◆ **TASK GOAL**:
Give the data below again exactly as it stands. Omit the pictures.

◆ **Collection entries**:
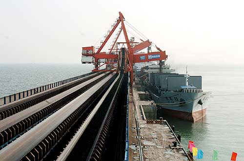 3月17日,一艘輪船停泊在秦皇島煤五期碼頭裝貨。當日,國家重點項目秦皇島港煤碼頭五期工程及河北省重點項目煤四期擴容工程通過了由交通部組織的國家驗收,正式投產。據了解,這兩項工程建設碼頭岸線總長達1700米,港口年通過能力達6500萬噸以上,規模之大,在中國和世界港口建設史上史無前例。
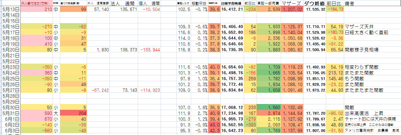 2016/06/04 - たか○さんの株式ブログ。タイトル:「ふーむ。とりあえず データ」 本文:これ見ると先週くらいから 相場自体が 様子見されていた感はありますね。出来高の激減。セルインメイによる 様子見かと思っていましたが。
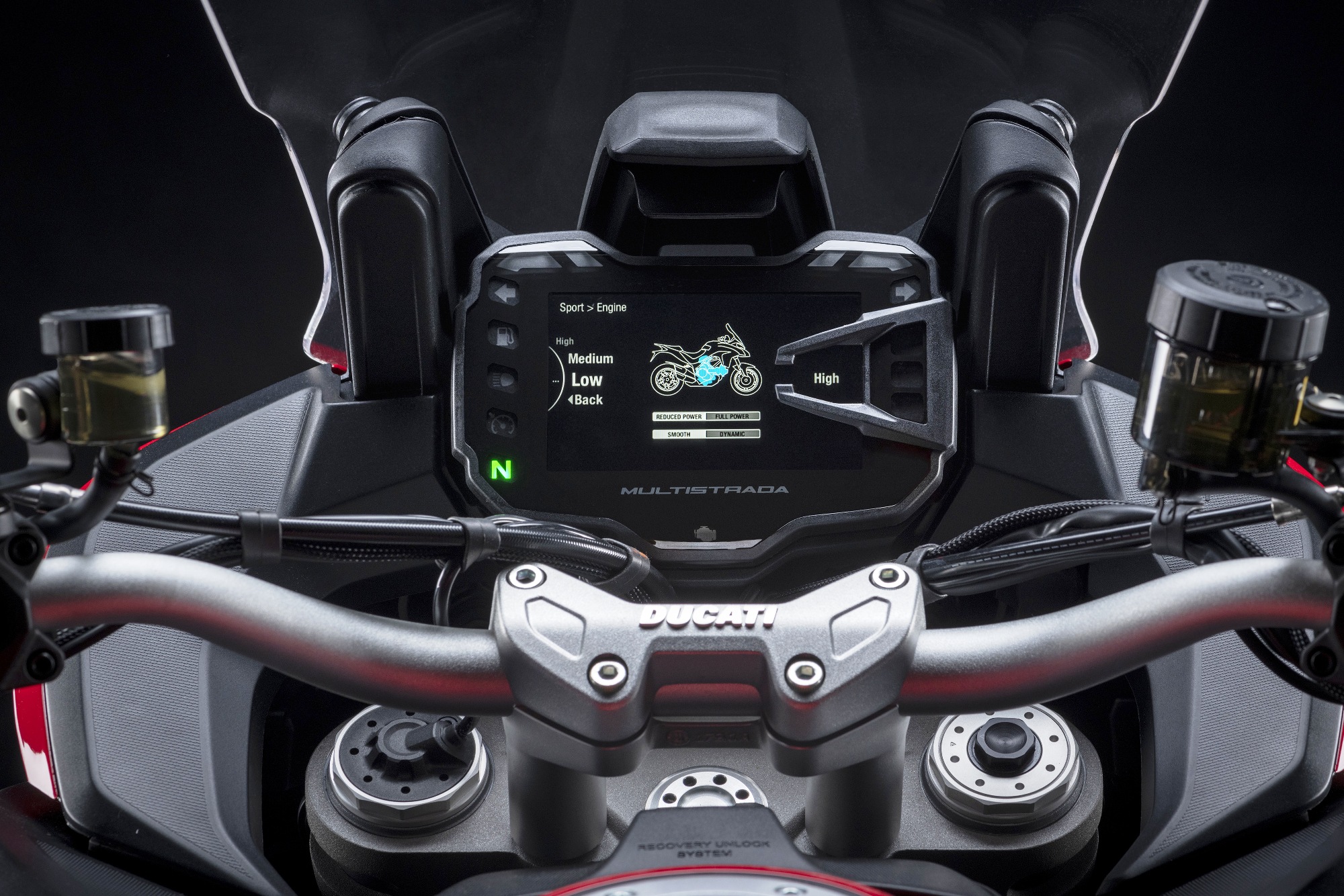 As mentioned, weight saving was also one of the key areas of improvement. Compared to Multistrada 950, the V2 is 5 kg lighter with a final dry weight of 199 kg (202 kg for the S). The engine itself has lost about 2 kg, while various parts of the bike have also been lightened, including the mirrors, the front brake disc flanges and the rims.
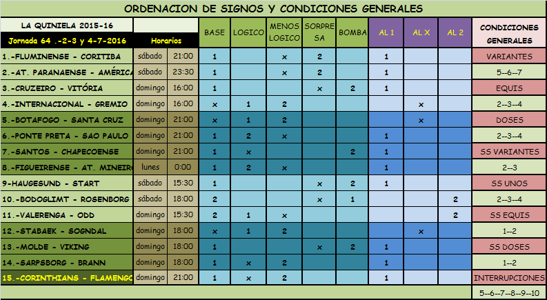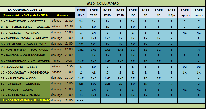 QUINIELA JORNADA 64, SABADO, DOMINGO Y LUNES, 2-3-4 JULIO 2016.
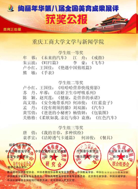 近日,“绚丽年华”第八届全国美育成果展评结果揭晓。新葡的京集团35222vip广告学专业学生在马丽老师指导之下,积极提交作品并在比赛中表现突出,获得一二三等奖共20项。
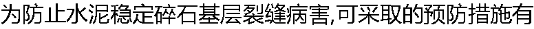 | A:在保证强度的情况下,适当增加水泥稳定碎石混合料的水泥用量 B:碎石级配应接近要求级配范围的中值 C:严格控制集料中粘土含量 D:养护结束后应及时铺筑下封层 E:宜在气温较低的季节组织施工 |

◆ **RESPONSE TO THIS EXERCISE**:
 3月17日,一艘輪船停泊在秦皇島煤五期碼頭裝貨。當日,國家重點項目秦皇島港煤碼頭五期工程及河北省重點項目煤四期擴容工程通過了由交通部組織的國家驗收,正式投產。據了解,這兩項工程建設碼頭岸線總長達1700米,港口年通過能力達6500萬噸以上,規模之大,在中國和世界港口建設史上史無前例。
 2016/06/04 - たか○さんの株式ブログ。タイトル:「ふーむ。とりあえず データ」 本文:これ見ると先週くらいから 相場自体が 様子見されていた感はありますね。出来高の激減。セルインメイによる 様子見かと思っていましたが。
 As mentioned, weight saving was also one of the key areas of improvement. Compared to Multistrada 950, the V2 is 5 kg lighter with a final dry weight of 199 kg (202 kg for the S). The engine itself has lost about 2 kg, while various parts of the bike have also been lightened, including the mirrors, the front brake disc flanges and the rims.
 QUINIELA JORNADA 64, SABADO, DOMINGO Y LUNES, 2-3-4 JULIO 2016.
 近日,“绚丽年华”第八届全国美育成果展评结果揭晓。新葡的京集团35222vip广告学专业学生在马丽老师指导之下,积极提交作品并在比赛中表现突出,获得一二三等奖共20项。
 | A:在保证强度的情况下,适当增加水泥稳定碎石混合料的水泥用量 B:碎石级配应接近要求级配范围的中值 C:严格控制集料中粘土含量 D:养护结束后应及时铺筑下封层 E:宜在气温较低的季节组织施工 |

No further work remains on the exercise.